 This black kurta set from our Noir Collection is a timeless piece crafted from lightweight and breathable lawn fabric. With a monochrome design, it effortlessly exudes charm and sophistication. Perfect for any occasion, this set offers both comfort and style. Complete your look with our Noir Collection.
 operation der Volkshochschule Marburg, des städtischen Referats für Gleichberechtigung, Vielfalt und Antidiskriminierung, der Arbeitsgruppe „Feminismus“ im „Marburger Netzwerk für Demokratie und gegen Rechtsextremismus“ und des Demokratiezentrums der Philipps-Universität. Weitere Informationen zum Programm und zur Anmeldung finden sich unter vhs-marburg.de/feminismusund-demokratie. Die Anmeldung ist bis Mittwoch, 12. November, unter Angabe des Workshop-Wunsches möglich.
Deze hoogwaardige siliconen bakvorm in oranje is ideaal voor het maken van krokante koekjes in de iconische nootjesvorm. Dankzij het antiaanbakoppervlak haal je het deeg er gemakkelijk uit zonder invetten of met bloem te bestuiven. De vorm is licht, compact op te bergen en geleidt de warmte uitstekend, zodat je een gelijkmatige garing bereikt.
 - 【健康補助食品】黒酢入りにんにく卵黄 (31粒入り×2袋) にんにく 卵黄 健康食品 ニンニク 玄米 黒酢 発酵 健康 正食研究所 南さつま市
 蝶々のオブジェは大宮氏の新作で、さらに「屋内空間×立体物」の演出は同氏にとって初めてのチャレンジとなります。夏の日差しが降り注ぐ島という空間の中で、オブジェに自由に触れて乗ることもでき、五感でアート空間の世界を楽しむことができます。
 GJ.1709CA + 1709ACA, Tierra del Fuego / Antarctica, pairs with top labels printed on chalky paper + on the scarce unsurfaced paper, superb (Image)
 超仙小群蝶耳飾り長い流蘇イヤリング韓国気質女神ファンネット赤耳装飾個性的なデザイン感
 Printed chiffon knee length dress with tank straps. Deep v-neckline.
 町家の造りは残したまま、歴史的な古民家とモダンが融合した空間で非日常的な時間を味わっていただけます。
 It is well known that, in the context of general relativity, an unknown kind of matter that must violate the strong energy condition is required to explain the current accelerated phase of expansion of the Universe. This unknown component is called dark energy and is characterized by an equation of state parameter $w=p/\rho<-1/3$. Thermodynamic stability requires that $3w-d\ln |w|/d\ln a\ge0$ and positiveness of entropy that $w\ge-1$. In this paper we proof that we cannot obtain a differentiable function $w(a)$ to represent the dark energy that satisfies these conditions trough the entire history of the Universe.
━━━━
What to produce ▸
Word for word, repeat the line holding "Deze hoogwaardige siliconen" and all lines after it through the end of the entries above.

Response to the task ▸
Deze hoogwaardige siliconen bakvorm in oranje is ideaal voor het maken van krokante koekjes in de iconische nootjesvorm. Dankzij het antiaanbakoppervlak haal je het deeg er gemakkelijk uit zonder invetten of met bloem te bestuiven. De vorm is licht, compact op te bergen en geleidt de warmte uitstekend, zodat je een gelijkmatige garing bereikt.
 - 【健康補助食品】黒酢入りにんにく卵黄 (31粒入り×2袋) にんにく 卵黄 健康食品 ニンニク 玄米 黒酢 発酵 健康 正食研究所 南さつま市
 蝶々のオブジェは大宮氏の新作で、さらに「屋内空間×立体物」の演出は同氏にとって初めてのチャレンジとなります。夏の日差しが降り注ぐ島という空間の中で、オブジェに自由に触れて乗ることもでき、五感でアート空間の世界を楽しむことができます。
 GJ.1709CA + 1709ACA, Tierra del Fuego / Antarctica, pairs with top labels printed on chalky paper + on the scarce unsurfaced paper, superb (Image)
 超仙小群蝶耳飾り長い流蘇イヤリング韓国気質女神ファンネット赤耳装飾個性的なデザイン感
 Printed chiffon knee length dress with tank straps. Deep v-neckline.
 町家の造りは残したまま、歴史的な古民家とモダンが融合した空間で非日常的な時間を味わっていただけます。
 It is well known that, in the context of general relativity, an unknown kind of matter that must violate the strong energy condition is required to explain the current accelerated phase of expansion of the Universe. This unknown component is called dark energy and is characterized by an equation of state parameter $w=p/\rho<-1/3$. Thermodynamic stability requires that $3w-d\ln |w|/d\ln a\ge0$ and positiveness of entropy that $w\ge-1$. In this paper we proof that we cannot obtain a differentiable function $w(a)$ to represent the dark energy that satisfies these conditions trough the entire history of the Universe.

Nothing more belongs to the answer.